[Opening Material supplied section]

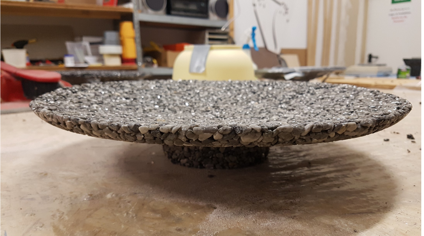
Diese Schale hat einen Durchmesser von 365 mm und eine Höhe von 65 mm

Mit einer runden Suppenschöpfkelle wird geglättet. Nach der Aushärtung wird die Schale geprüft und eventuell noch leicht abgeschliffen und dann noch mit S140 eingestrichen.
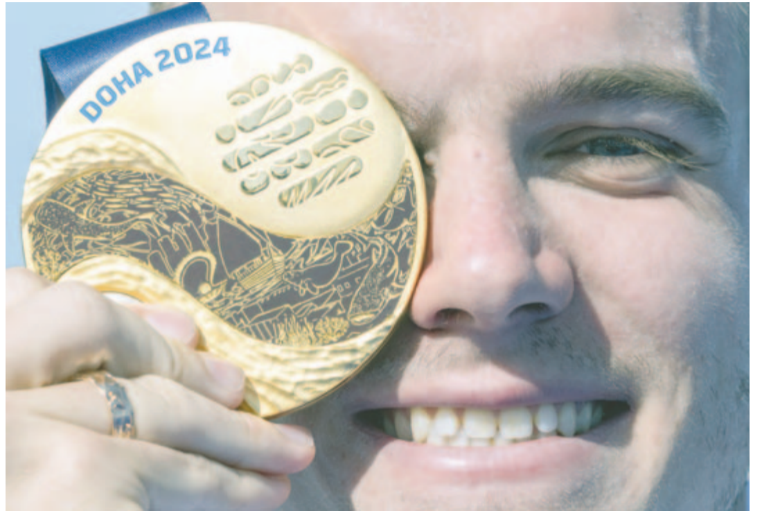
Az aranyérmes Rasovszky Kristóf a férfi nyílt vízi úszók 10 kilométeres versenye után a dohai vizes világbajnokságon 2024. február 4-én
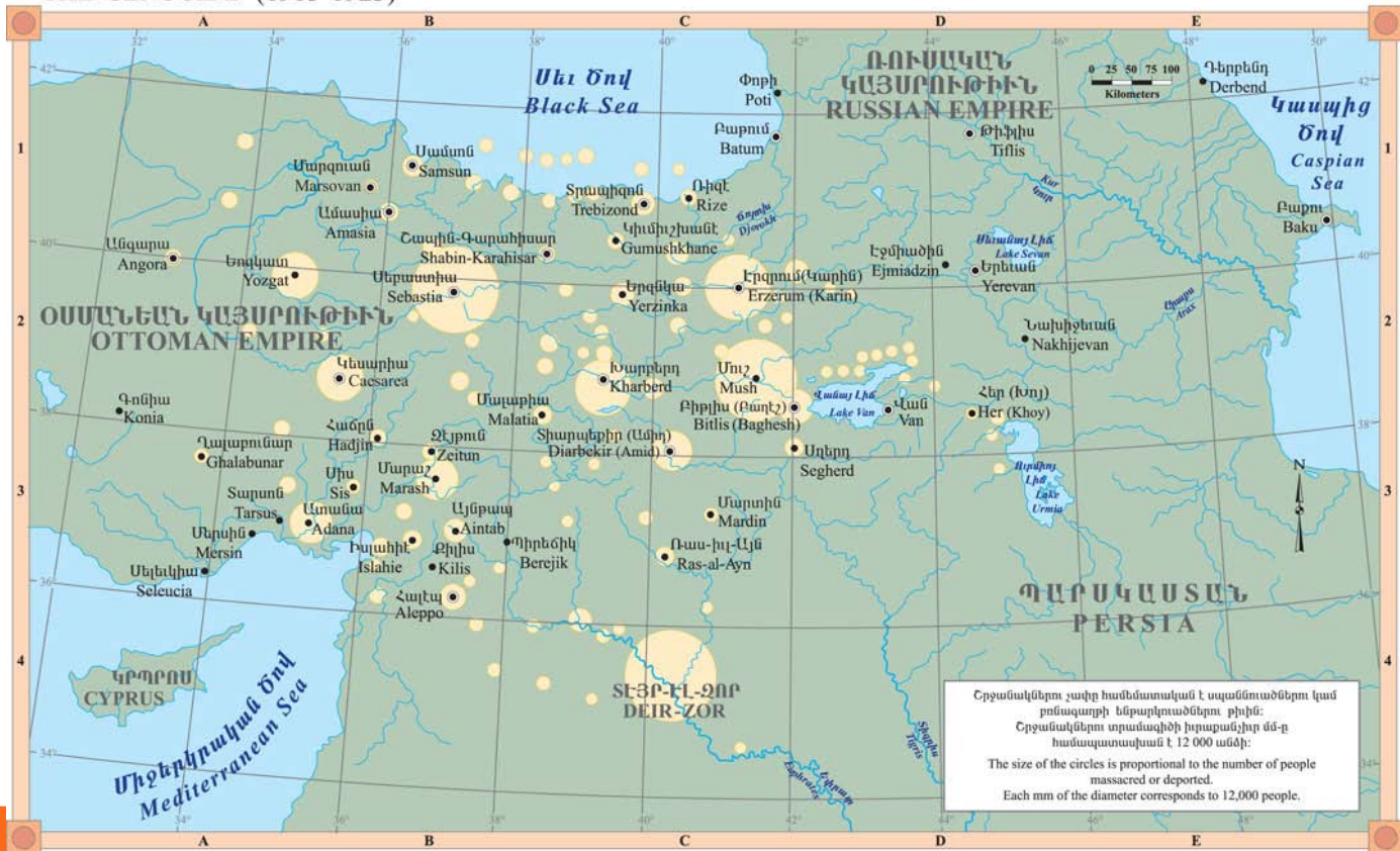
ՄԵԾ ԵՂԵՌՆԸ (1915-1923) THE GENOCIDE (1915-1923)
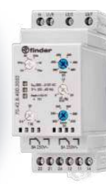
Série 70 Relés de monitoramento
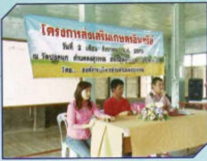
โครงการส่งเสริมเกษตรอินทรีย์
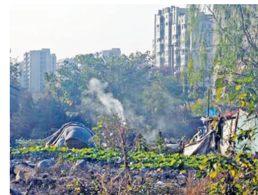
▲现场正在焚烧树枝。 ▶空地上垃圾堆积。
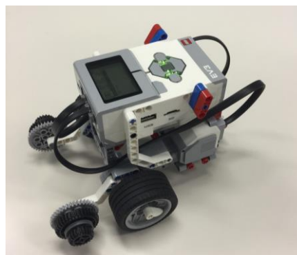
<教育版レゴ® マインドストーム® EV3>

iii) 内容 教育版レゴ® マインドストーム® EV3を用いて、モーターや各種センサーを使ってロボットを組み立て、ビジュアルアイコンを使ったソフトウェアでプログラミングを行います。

[Closing Material supplied section]
[Opening Material supplied section]

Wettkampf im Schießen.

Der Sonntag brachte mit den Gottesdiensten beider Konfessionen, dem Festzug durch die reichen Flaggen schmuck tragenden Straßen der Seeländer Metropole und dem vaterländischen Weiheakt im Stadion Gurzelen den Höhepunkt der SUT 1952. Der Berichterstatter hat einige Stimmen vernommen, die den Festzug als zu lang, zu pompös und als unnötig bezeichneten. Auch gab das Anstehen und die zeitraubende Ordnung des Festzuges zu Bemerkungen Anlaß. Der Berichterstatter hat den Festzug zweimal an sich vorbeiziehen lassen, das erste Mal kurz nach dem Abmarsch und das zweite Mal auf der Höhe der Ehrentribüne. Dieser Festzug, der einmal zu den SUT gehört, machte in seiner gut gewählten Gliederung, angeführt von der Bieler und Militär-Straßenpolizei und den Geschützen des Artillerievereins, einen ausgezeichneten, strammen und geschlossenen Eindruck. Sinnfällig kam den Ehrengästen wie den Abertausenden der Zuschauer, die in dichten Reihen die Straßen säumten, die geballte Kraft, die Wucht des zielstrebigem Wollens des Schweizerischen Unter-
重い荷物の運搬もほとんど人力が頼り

[Closing Material supplied section]
[Opening Material supplied section]

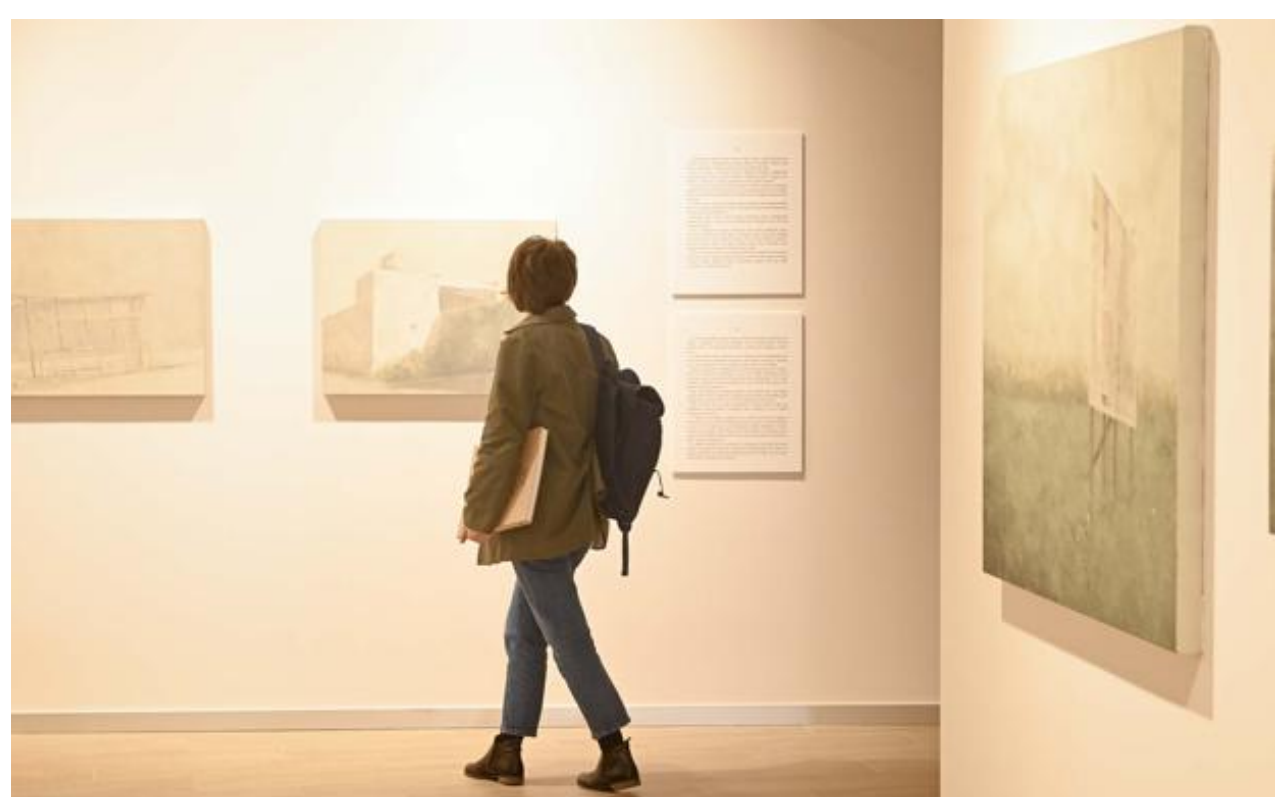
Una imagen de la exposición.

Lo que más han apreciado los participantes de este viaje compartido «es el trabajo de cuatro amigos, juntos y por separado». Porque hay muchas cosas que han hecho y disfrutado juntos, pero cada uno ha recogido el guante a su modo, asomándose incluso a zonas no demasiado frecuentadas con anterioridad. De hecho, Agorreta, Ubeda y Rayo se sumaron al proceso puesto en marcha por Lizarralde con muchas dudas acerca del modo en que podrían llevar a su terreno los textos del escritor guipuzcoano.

[Closing Material supplied section]

What is being asked>
Find the lines of the listing above that hold "Schale". Please copy them.

Finished exercise>
Diese Schale hat einen Durchmesser von 365 mm und eine Höhe von 65 mm
Mit einer runden Suppenschöpfkelle wird geglättet. Nach der Aushärtung wird die Schale geprüft und eventuell noch leicht abgeschliffen und dann noch mit S140 eingestrichen.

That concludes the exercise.